Morphing Provision: Man Charged For Possessing Fake Pornography

A 73-year-old man is facing charges that he possessed child pornography-even though authorities never caught him with authentic images depicting children. Instead, the police found images of adults in sexually explicit positions with the faces of minors pasted or attached above those of the adult models.

This prosecution is occurring under the so-called "morphing provision." The "morphing provision" refers to the definition of child pornography that appears in federal criminal statutes. While this decision is somewhat controversial, several federal appeals courts have agreed that digitally altered images that appear to depict children qualify as illegal material under the rest of the child pornography laws. This interpretation of the definition allows prosecutors to try to punish Americans for possessing pictures like the ones this defendant had.
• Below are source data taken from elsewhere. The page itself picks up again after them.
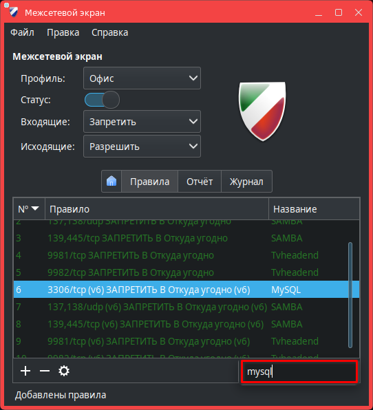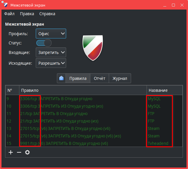 Управление службой межсетевого экрана ufw в графическом интерфейсе. Программа позволяет создавать правила обработки сетевого трафика, которые будут записаны и обработаны в iptables. Подробное описание возможностей программы см. man gufw.
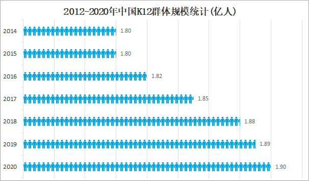 中國K12群體主要為6-18歲的青少兒人口,隨著二胎政策的落實,K12群體規模將進一步擴大,2020年中國K12群體規模達1.90億人,較2019年增加了0.01億人,同比增長0.5%,適齡人口規模的不斷增長,為K12在線英語教育的發展提供了有力的保障。
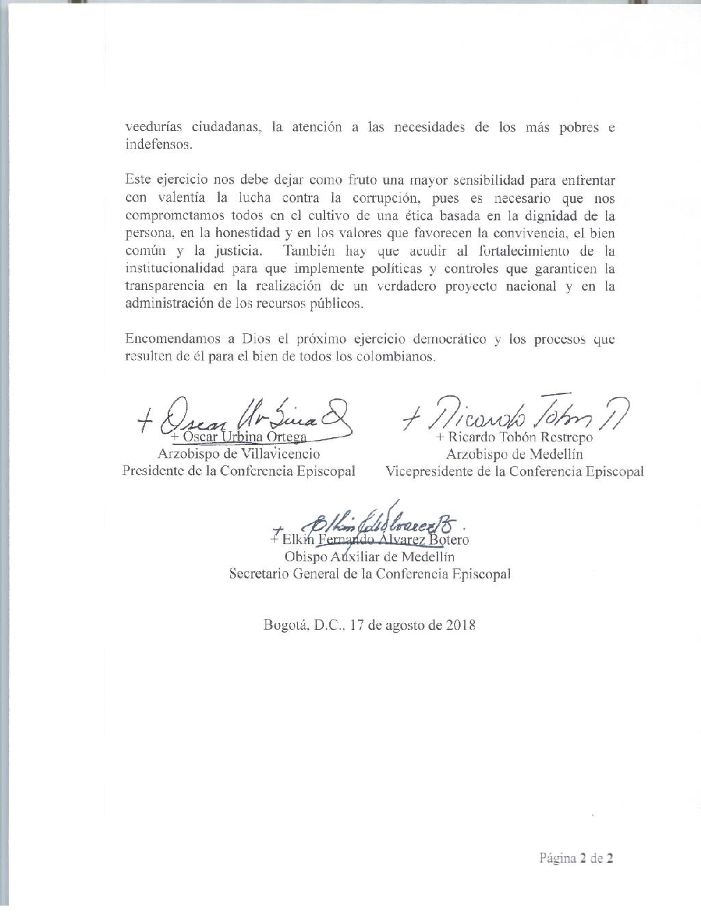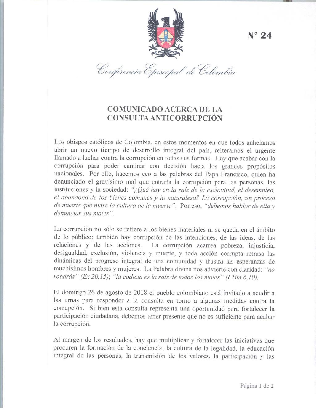 Centro de información Yo quiero Noticias Boletines Eventos Artículos Canonización Mensajes del Señor Cardenal Cartas pastorales Homilías Mensajes La voz del pastor Documentos del Vaticano NoticiasIglesia católica anima a luchar contra la corrupción22 de Agosto de 2018Los obispos católicos del país hacen un llamado a todos los colombianos a luchar contra la corrupción en todas sus formas. Así lo manifestaron, a través de un comunicado… Imagen: https://mioriente.com/ Like 0 Dislike 0 Noticias relacionadas Ordenaciones en la Catedral Primada de Colombia Tiempo de preparación para la Navidad Video del papa - noviembre de 2025

Some courts disagree with the "morphing provision" interpretation. One big reason for this disagreement is that altered pictures did not involve a minor's participation in sexual conduct. This takes away one of the big justifications for harsh child pornography laws. Those who agree with the broad "morphing provision" interpretation argue that the mere existence of pictures that appear to depict children in sexual situations could lead to more child abuse at some point by encouraging those who view the images.

Regardless of the correct interpretation, the "morphing provision" view appears to be gaining traction nationally. This defendant could face as many as 10 years in prison if convicted of possessing child pornography based on these altered images.